YOUR TASK
Restate word for word the lines below from the one that has "Hublot has been" through the one that has "Afternoon light hits", keeping both and dropping all pictures.

*** Opening GIVEN INFORMATION ***

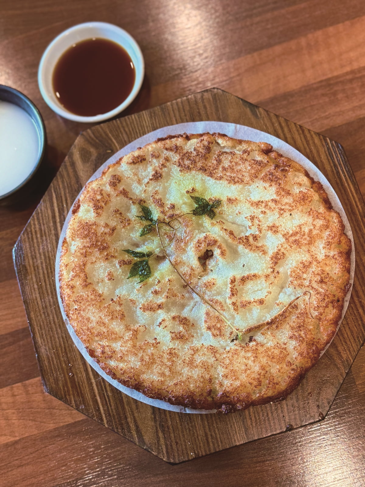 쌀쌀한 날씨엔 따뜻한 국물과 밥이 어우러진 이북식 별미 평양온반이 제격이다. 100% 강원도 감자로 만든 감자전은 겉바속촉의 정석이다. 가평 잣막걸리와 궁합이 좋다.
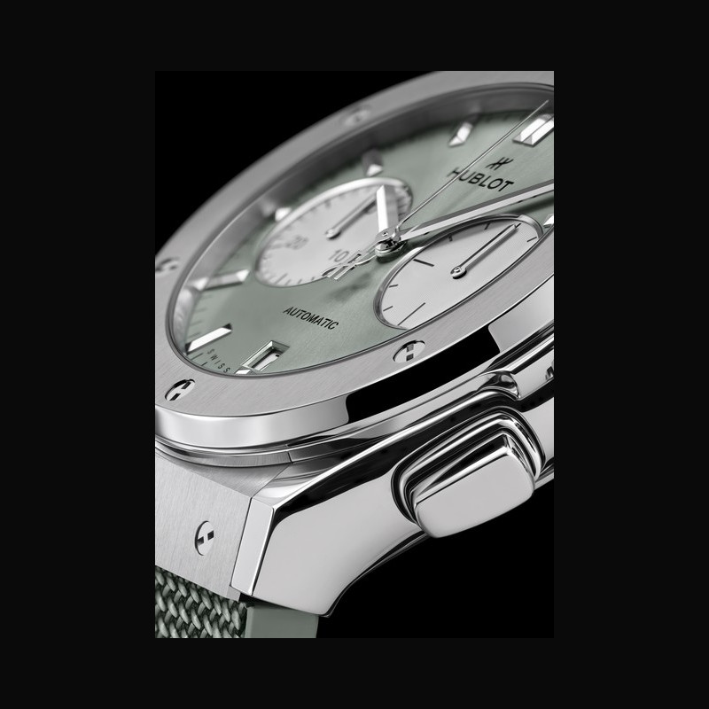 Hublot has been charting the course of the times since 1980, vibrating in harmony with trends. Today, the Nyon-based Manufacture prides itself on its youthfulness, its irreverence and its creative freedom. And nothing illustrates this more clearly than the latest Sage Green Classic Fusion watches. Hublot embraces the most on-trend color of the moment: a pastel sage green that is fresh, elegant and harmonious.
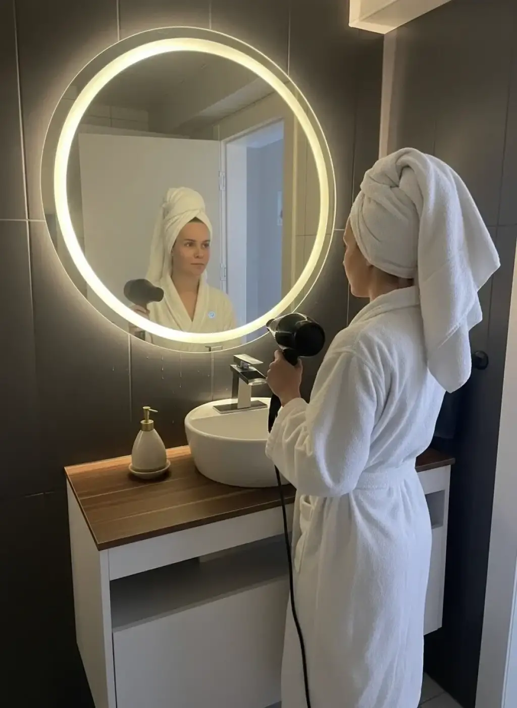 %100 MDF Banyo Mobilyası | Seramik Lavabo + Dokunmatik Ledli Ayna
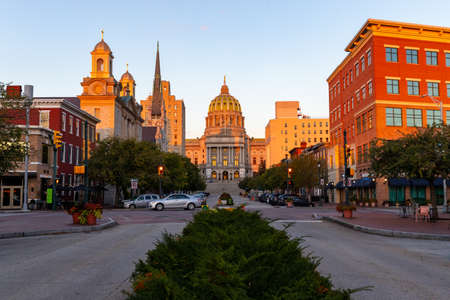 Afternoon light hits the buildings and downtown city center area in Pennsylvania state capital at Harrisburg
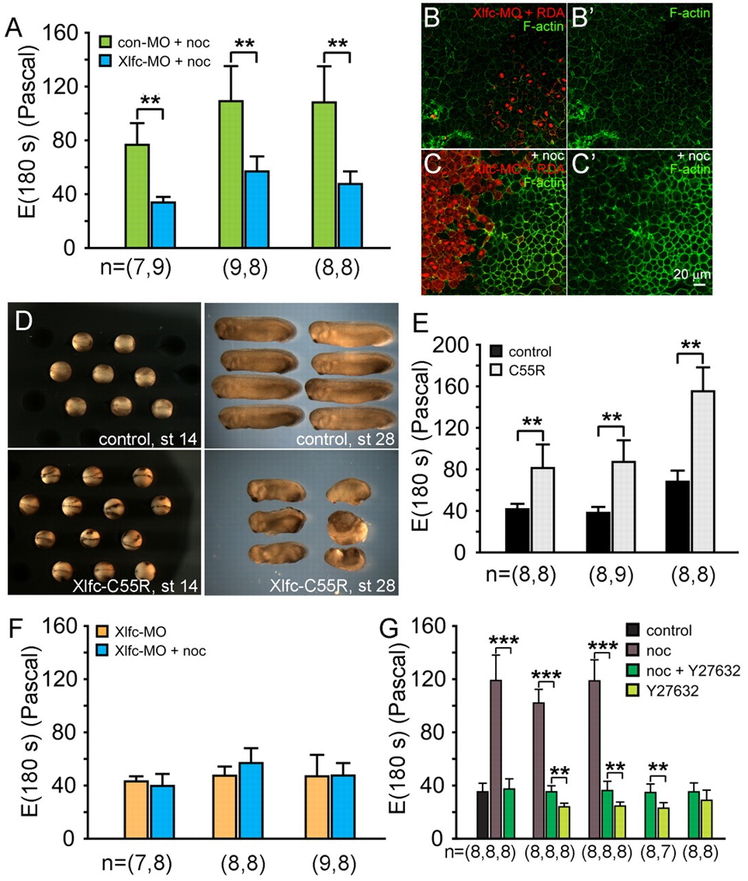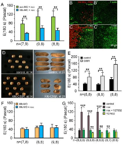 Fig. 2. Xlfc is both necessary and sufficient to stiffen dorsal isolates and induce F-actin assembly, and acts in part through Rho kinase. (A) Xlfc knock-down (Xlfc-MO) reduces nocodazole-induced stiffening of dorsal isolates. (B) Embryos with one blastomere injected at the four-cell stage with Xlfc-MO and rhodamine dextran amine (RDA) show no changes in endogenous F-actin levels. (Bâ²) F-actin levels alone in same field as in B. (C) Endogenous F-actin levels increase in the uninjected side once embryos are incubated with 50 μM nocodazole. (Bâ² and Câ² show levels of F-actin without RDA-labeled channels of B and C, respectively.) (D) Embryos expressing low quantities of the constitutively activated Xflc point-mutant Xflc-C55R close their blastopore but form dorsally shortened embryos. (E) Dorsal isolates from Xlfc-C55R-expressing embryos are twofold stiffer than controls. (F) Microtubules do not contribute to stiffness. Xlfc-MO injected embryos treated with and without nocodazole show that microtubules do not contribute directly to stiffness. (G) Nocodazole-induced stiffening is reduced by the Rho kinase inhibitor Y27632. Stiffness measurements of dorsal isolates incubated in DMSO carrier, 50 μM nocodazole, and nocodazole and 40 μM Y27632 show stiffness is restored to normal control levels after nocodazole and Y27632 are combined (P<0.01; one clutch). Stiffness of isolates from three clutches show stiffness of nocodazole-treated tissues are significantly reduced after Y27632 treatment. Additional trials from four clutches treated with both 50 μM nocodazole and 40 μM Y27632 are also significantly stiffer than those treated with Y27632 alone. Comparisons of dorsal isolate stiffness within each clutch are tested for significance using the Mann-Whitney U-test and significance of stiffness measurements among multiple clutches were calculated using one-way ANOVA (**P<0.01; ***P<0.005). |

*** Closing GIVEN INFORMATION ***

RESPONSE AREA
 Hublot has been charting the course of the times since 1980, vibrating in harmony with trends. Today, the Nyon-based Manufacture prides itself on its youthfulness, its irreverence and its creative freedom. And nothing illustrates this more clearly than the latest Sage Green Classic Fusion watches. Hublot embraces the most on-trend color of the moment: a pastel sage green that is fresh, elegant and harmonious.
 %100 MDF Banyo Mobilyası | Seramik Lavabo + Dokunmatik Ledli Ayna
 Afternoon light hits the buildings and downtown city center area in Pennsylvania state capital at Harrisburg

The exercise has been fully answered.